システムBIOSの大手メーカーである米Phoenix Technologiesは5月8日,PCのリカバリ・ソフト「FirstWare Rescue」を日本国内で発表した(米国発表は4月23日)。また,来日した同社CEO(最高経営責任者)のAlbert E. Sisto氏が,今後のソフトウエア開発計画を語った。

 FirstWare Rescueは,PCのOSが不調に陥ったときに,ハードディスクの“隠し領域”に保存されたリカバリ・データをリストアするためのソフト。ほかにもマシンのシステム状態を検査する機能や,ハードディスク上にコピーされたCD-ROMの中身を仮想的なCD-ROMドライブに見せる機能などを備えている。

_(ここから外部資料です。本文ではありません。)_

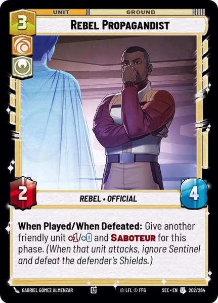 When Played/When Defeated: Give another friendly unit +1/+0 and Saboteur for this phase. (When that unit attacks, ignore Sentinel and defeat the defender's Shields.)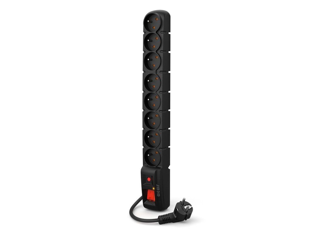ACAR S8 je základní model populární řady přepěťových ochran Acar. Jeho vysoká kvalita byla potvrzena našimi dlouholetými zkušenostmi na trhu. Zařízení je určeno jako univerzální přepěťová ochrana, která plní základní funkce ochrany jak počítačových systémů (stolních počítačů, notebooků, monitorů, tiskáren, skenerů atd.), tak i audiovizuálních systémů (LCD a plazmových televizorů, DVD/BD přehrávačů, tunerů, zesilovačů). Moderní a stylový design umožňuje umístění na jakékoli vhodné a viditelné místo (stůl, skříň), jeho štíhlé pouzdro zabírá málo místa. Osm chráněných 230V s uzemněním a automatickou pojistkou činí zařízení dostatečným pro většinu aplikací v kanceláři i doma.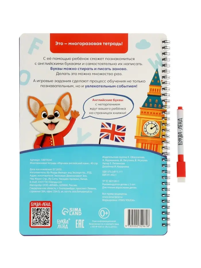 Многоразовая тетрадь "Изучаем английский язык", 40 стр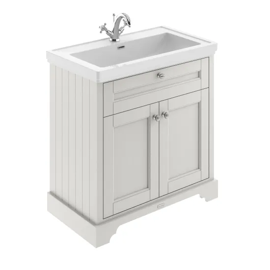 Hudson Reed Old London 800mm Storm Grey Floor Standing 2 Door Vanity Unit with 1 Tap Hole Ceramic Basin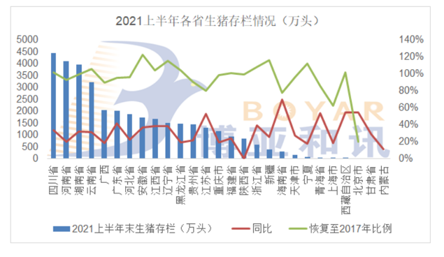 7月,生豬存欄2.97億頭,環(huán)比增加3.7%,同比增加31.89%。能繁母豬存欄3448萬頭,環(huán)比減少0.17%,同比減少1.02%。母豬存欄有所下降,低效母豬淘汰增加,三元母豬占比降至4成以內(nèi)。根據(jù)各省生豬存欄數(shù)據(jù),四川存欄量4451.7萬頭;河南存欄4101.12萬頭;湖南存欄3952.1萬頭。各省生豬存欄與2017年相比,除了北京、上海、青海、海南、江蘇、廣西外,其他省份已經(jīng)恢復(fù)至2017年的90%以上。四川、云南、安徽、江西、遼寧、黑龍江、福建、浙江、新疆、寧夏、西藏11省已經(jīng)超過2017年存欄量。

 FirstWare Rescueの基盤技術は,IDEハードディスクの一部の領域をシステムBIOSだけが使えるようにしたところにある。これは「PARTIES」(Protected Area Run Time Interface Extension Services)と呼ばれる,ANSIの標準仕様に準拠したものだ。エンドユーザーはハードディスクの隠し領域にはアクセスできず,パスワードで認証されたシステムBIOSだけがアクセスできるように保護されている。PARTIESは隠し領域のデータの使い方や,プログラムの呼び出し方を規定している。

 OSが壊れて正常に起動しなくなったときに,システムBIOSが隠し領域にあるFirstWare Rescueを起動する。すると,同ソフトが同じく隠し領域に保存してある「工場出荷時のハードディスク内のデータ・イメージ」を,エンドユーザーが使える領域にリストアするといったものだ。システム状態をチェックするソフトや仮想CD-ROM機能が利用するCD-ROMデータも,隠し領域の中に保存されている。

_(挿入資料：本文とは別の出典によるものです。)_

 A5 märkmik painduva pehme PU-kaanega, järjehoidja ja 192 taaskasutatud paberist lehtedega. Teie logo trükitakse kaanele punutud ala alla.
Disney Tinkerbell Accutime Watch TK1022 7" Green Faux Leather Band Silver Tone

 FirstWare Rescueを利用すれば,PCに付属しているリカバリCDやプリインストール・ソフトのCD-ROMが不要になるうえ,復旧にかかる手間や時間を抑えられる。ただし,ハードディスクの本来の記憶容量よりも,少ない容量しか利用できないというデメリットはある。

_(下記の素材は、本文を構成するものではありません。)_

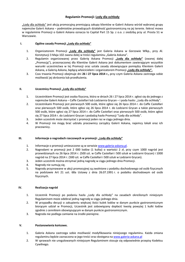 Regulamin Promocji: Lody dla ochłody „Lody dla ochłody” jest akcją promocyjną premiującą zakupy klientów w Galerii Askana wśród wybranej grupy najemców Galerii Askana – podmiotów prowadzących działalność gastronomiczną na jej terenie. Ilekroć mowa w regulaminie Promocji o Galerii Askana oznacza to Capital Part 15 Sp. z o.o. z siedzibą przy ul. Prosta 51 w Warszawie. I. Ogólne zasady Promocji „Lody dla ochłody” 1. 2. 3. II. Organizatorem Promocji „Lody dla ochłody” jest Galeria Askana w Gorzowie Wlkp., przy Al. Konstytucji 3 Maja 102 zwana dalej w treści regulaminu „Galeria Askana”. Regulamin organizowanej przez Galerię Askana Promocji „Lody dla ochłody” (zwanej dalej „Promocją”), przeznaczonej dla Klientów Galerii Askana jest dokumentem zawierającym wszystkie warunki uczestnictwa w tej Promocji oraz ustala zasady obowiązujące pomiędzy Klientem Galerii Askana, a Galerią Askana, będącą właścicielem i organizatorem Promocji „Lody dla ochłody”. Czas trwania Promocji obejmuje dni 26 i 27 lipca 2014 r., przy czym Galeria Askana zastrzega sobie możliwość jej skrócenia lub przedłużenia. Uczestnicy Promocji „Lody dla ochłody” 1. 2. 3. 4. III. Uczestnikiem Promocji jest osoba fizyczna, która w dniach 26 i 27 lipca 2014 r. zgłosi się do jednego z najemców Galerii Askana – Caffe Castellari lub Lodziarnia Grycan – i poda hasło: „Lody dla ochłody”. Uczestnikami Promocji jest pierwszych 500 osób, które zgłosi się 26 lipca 2014 r. do Caffe Castellari oraz pierwszych 500 osób, które zgłosi się 26 lipca 2014 r. do Lodziarni Grycan a także pierwszych 500 osób, które zgłosi się 27 lipca 2014 r. do Caffe Castellari oraz pierwszych 500 osób, które zgłosi się 27 lipca 2014 r. do Lodziarni Grycan i podadzą hasło Promocji ”Lody dla ochłody”. Jeden uczestnik może skorzystać z promocji jeden raz w ciągu jednego dnia. W Promocji nie mogą brać udziału pracownicy zarządcy Galerii Askana, najemcy lokali oraz ich pracownicy. Informacje o nagrodach rzeczowych w promocji: „Lody dla ochłody” 1. 2. 3. 4. 5. IV. Informacje o promocji umieszczone są w serwisie www.galeria-askana.pl. Nagrodami w promocji jest 2 000 lodów (1 kulka) o wartości 2 zł, przy czym 1000 nagród jest przewidzianych na 26 lipca 2014 r. (500 szt. w Caffe Castellari i 500 sztuk w Lodziarni Grycan) i 1000 nagród na 27 lipca 2014 r. (500 szt. w Caffe Castellari i 500 sztuk w Lodziarni Grycan). Jeden uczestnik można otrzymać jedną nagrodę w ciągu jednego dnia Promocji. Nagrody nie sumują się. Nagrody przyznawane w akcji promocyjnej są zwolnione z podatku dochodowego od osób fizycznych na podstawie Art 21 ust. 68a Ustawy z dnia 26.07.1991 r. o podatku dochodowym od osób fizycznych. Realizacja nagród 1. 2. 3. V. Uczestnik Promocji po podaniu hasła „Lody dla ochłody” na zasadach określonych niniejszym Regulaminem może odebrać jedną nagrodę w ciągu jednego dnia. W przypadku decyzji o zakupieniu większej ilości kulek lodów w danym punkcie gastronomicznym biorącym udział w Promocji, Uczestnik jest zobowiązany dopłacić kwotę powyżej 1 kulki lodów zgodnie z cennikiem obowiązującym w danym punkcie gastronomicznym. Nagroda nie podlega zamianie na środki pieniężne. Postanowienia końcowe. 1. 2. Galeria Askana zastrzega sobie możliwość modyfikowania niniejszego regulaminu. Każda zmiana regulaminu będzie zaznaczona w jego treści oraz dostępna na www.galeria-askana.pl W sprawach nie uregulowanych niniejszym Regulaminem stosuje się odpowiednie przepisy Kodeksu Cywilnego.

 来日したCEOのAlbert E. Sisto氏によると,既にハードウエア・ベンダーにFirstWare Rescueの販売を進めており,エンドユーザーが手にするのは「米国では今年秋モデル,日本では今年末モデルになる」という。当初はコンシューマPC向けとして企画されていたが,「ほかにもアプライアンス・サーバーなど,導入の手間を省いて管理コストの低減を狙う製品にも応用できる」とサーバー市場に意欲を見せた。また,今後もPARTIESを利用したソフトウエアや,セキュリティ関連ソフトなどの分野で,「四半期ごとに新製品を出していく予定」と,BIOS以外のソフトウエア製品に積極的に取り組む考えだ。